EXCERPTED DATA »
• • • • • • •

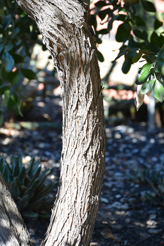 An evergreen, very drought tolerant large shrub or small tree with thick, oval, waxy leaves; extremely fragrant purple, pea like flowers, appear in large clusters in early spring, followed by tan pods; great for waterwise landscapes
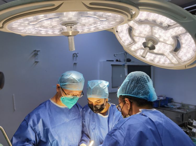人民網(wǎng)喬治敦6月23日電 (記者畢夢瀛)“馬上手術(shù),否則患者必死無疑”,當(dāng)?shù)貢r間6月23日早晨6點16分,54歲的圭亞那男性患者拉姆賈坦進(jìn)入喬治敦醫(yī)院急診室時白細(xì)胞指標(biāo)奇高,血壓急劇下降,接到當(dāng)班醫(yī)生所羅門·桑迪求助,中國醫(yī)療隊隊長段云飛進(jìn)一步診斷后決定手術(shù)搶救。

• • • • • • •

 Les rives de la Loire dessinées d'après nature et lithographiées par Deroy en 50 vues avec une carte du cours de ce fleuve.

• • • • • • •

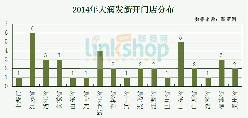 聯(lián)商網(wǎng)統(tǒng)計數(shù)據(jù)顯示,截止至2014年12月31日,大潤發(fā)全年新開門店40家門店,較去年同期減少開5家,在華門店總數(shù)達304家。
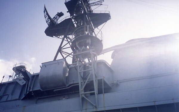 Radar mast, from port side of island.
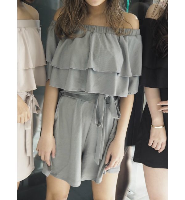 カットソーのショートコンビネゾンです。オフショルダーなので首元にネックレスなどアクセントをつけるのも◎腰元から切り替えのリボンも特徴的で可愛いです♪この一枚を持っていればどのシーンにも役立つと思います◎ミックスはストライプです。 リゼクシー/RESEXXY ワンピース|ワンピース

• • • • • • •

YOUR OBJECTIVE » All pictures are to be skipped. Output, word for word, the lines in the data above starting at the line containing "An evergreen, very" and ending at the line containing "人民網(wǎng)喬治敦6月".

SOLUTION TO THE EXERCISE »
 An evergreen, very drought tolerant large shrub or small tree with thick, oval, waxy leaves; extremely fragrant purple, pea like flowers, appear in large clusters in early spring, followed by tan pods; great for waterwise landscapes
人民網(wǎng)喬治敦6月23日電 (記者畢夢瀛)“馬上手術(shù),否則患者必死無疑”,當(dāng)?shù)貢r間6月23日早晨6點16分,54歲的圭亞那男性患者拉姆賈坦進(jìn)入喬治敦醫(yī)院急診室時白細(xì)胞指標(biāo)奇高,血壓急劇下降,接到當(dāng)班醫(yī)生所羅門·桑迪求助,中國醫(yī)療隊隊長段云飛進(jìn)一步診斷后決定手術(shù)搶救。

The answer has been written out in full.